En cas de doute sérieux, vous pouvez d’abord privilégier un dialogue interne avec le service des ressources humaines ou votre manager, en exposant calmement vos arguments. De nombreuses situations se règlent à ce stade, par exemple via une réduction amiable de la période d’essai restante ou la transformation de la période d’essai en engagement définitif anticipé. Si aucune solution n’est trouvée, plusieurs voies de recours s’offrent à vous : saisine de l’inspection du travail pour obtenir des informations et un avis, intervention d’un délégué du personnel ou membre du CSE, puis, en dernier recours, action devant le conseil de prud’hommes.
Devant les juges, vous pourrez contester soit la durée de la période d’essai, soit les conditions de sa rupture. Si la clause de période d’essai est jugée nulle (par exemple parce qu’elle ignore totalement la durée du stage et la similitude des fonctions), la rupture intervenue pendant cette période pourra être requalifiée en licenciement sans cause réelle et sérieuse, avec à la clé des dommages et intérêts potentiellement importants. Vous comprenez mieux pourquoi certaines entreprises préfèrent, aujourd’hui, sécuriser leurs pratiques et renoncer à des périodes d’essai excessives pour leurs anciens stagiaires.
Les spécificités sectorielles et conventionnelles relatives aux stages et périodes d’essai
Au-delà du Code du travail, les règles applicables à la période d’essai après un stage dépendent largement de votre secteur d’activité et de votre convention collective. Dans certains domaines, très structurés et habitués à recruter leurs futurs salariés via des stages (audit, conseil, banque, industrie pharmaceutique, numérique), les partenaires sociaux ont négocié des dispositions particulièrement protectrices. On trouve par exemple des clauses prévoyant la suppression automatique de la période d’essai pour les stagiaires embauchés dans les six mois suivant la fin de leur stage, ou limitant la période d’essai à un mois maximum quel que soit le statut.
Dans d’autres secteurs, les conventions collectives se contentent de reprendre les minima légaux, voire ne mentionnent pas spécifiquement le cas de l’embauche post-stage. Cela ne signifie pas pour autant qu’aucune protection n’existe : le cadre commun du Code du travail s’applique alors intégralement, et la jurisprudence vient combler les éventuelles zones d’ombre. C’est pourquoi il est essentiel de toujours croiser trois niveaux d’information : la loi, la convention collective et les éventuels accords d’entreprise, qui peuvent contenir des engagements spécifiques sur les jeunes diplômés et les stagiaires.
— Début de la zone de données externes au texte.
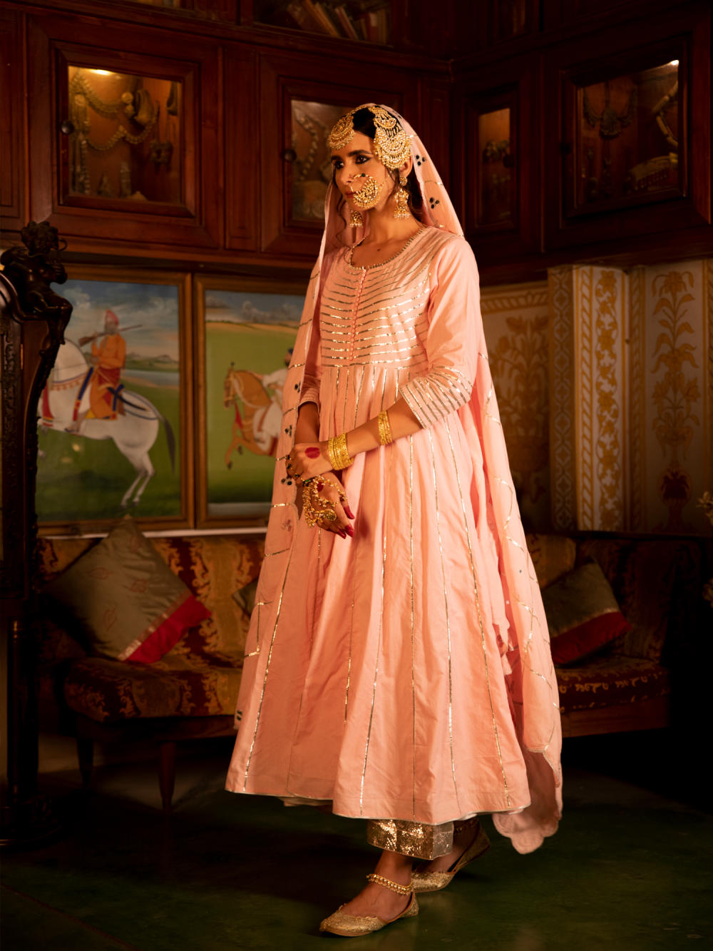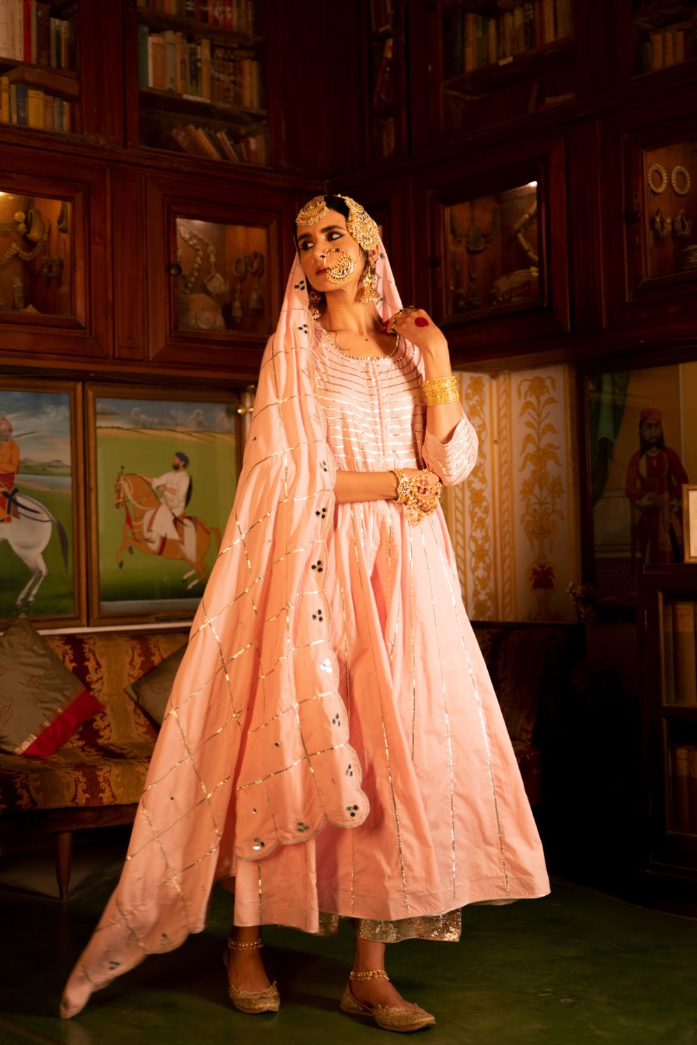 Enter the world of luxurious & regal clothing with Sahiba. Celebrate the grandeur of beauty, celebrations, dressing up and womanhood with vintage textiles and silhouettes. Set of 3 consists of Kalidar, pajama and dupatta. KALIDAR: A pink ghera cotton kalidar is adorned with heavy silver gota work on neck and kalis. PAJAMA: Pink Farshi pajama is detailed with pure metal gold lampi. DUPATTA: A handspun mul pink dupatta is detailed with zari and mirror scallop detailing with heavy gota chaukadi work
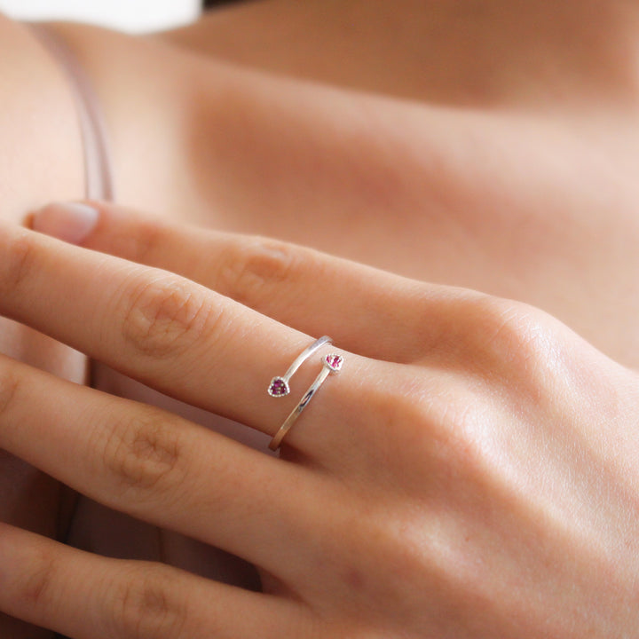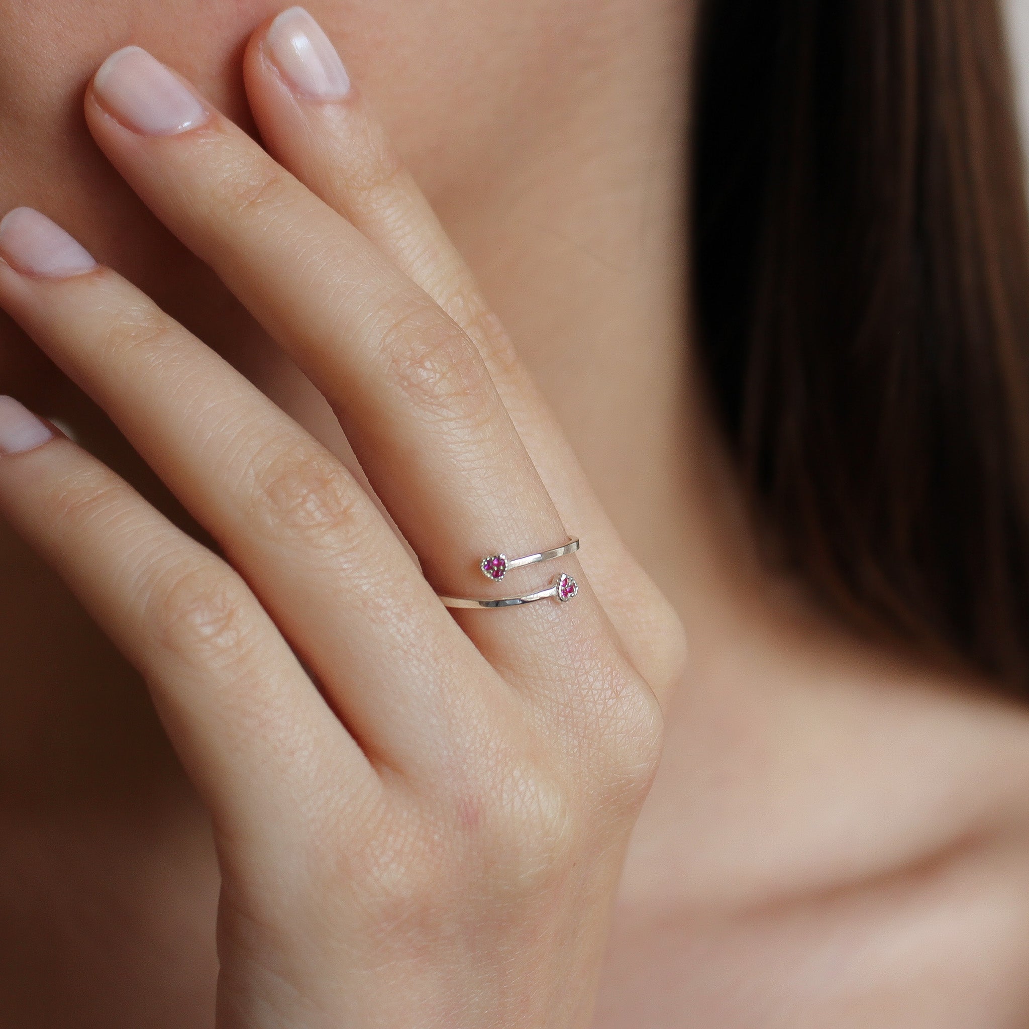 Elevate your elegance with this stunning adjustable ruby heart ring, crafted from your choice of 8K or 14K solid gold. The twin-heart design showcases vibrant ruby stones, exuding romance and sophistication. A perfect blend of luxury and versatility, this ring is ideal for any occasion, whether as a meaningful gift or a treat for yourself.
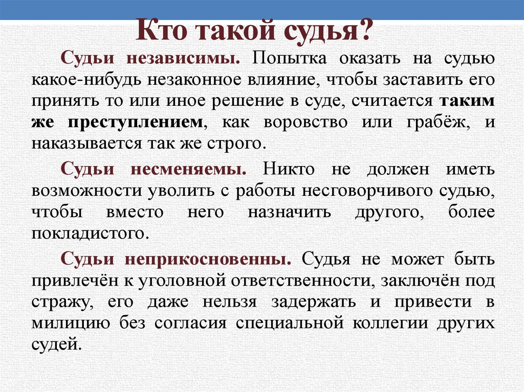 Кто такой судья?Судья - носитель судебной власти. Судит
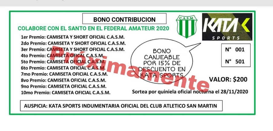 El mencionado Bono Contribución tendrá el valor de 200 pesos, con doble chance por bono. Los premios serán un total de 10, entre conjuntos y camisetas oficiales.
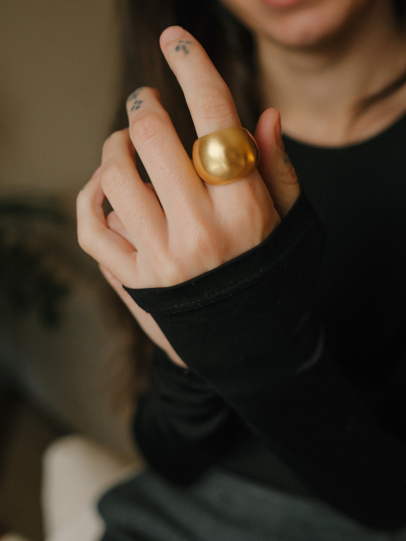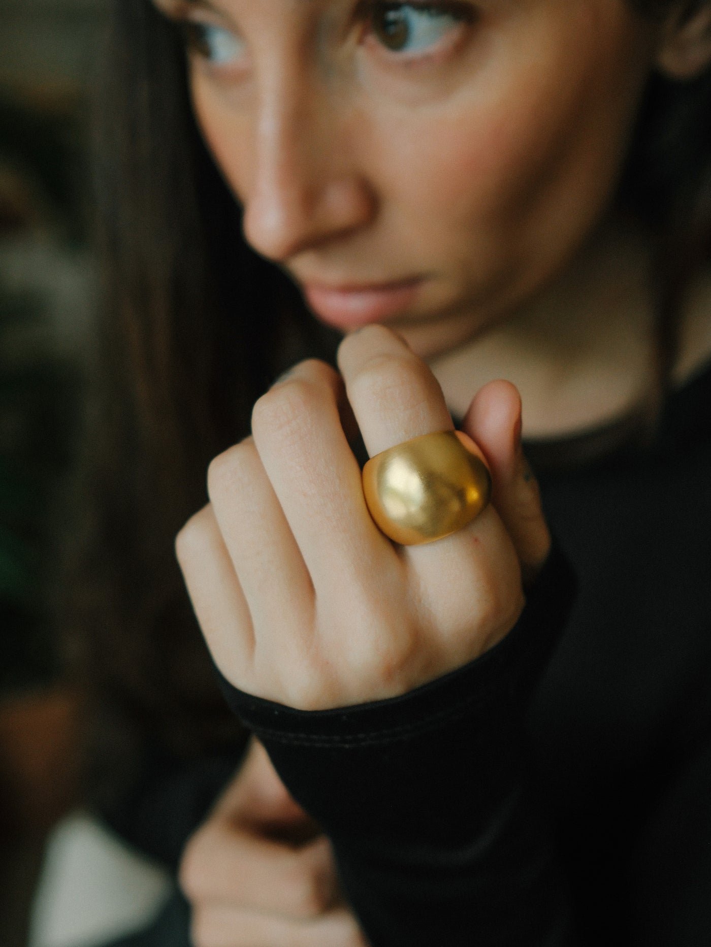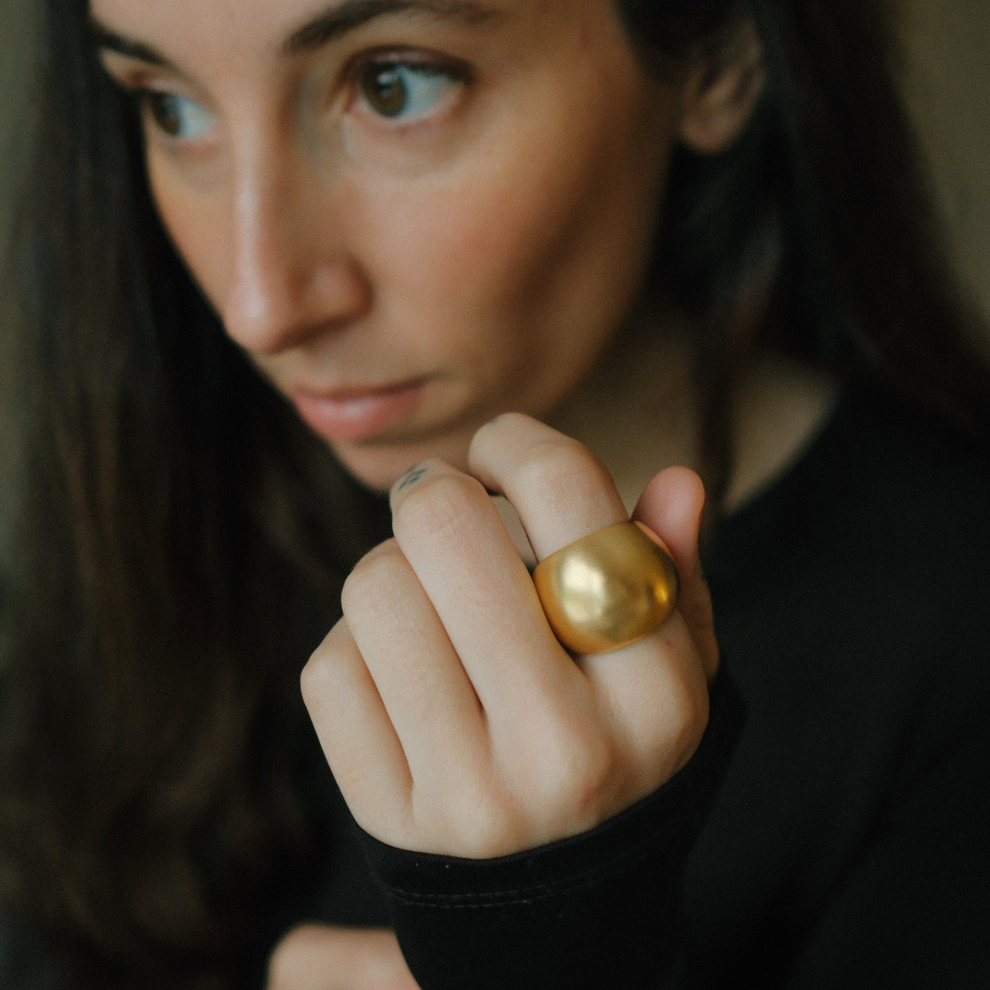 Anillo artesanal hecho a mano con plata y baño de oro mateado.

Pour vous repérer, adoptez une démarche méthodique : identifiez d’abord votre convention collective (elle figure sur vos bulletins de paie et dans votre contrat), consultez ensuite les dispositions relatives à la période d’essai et aux stages, puis rapprochez ces textes de votre propre situation. Vous êtes employeur ? Formalisez vos pratiques dans une charte des stages et des embauches post-stage, en veillant à respecter au minimum les standards légaux et conventionnels. Vous êtes ancien stagiaire embauché ? Prenez le temps de lire votre contrat et de poser les bonnes questions sur la période d’essai avant de signer : une bonne compréhension en amont vous évitera bien des mauvaises surprises par la suite.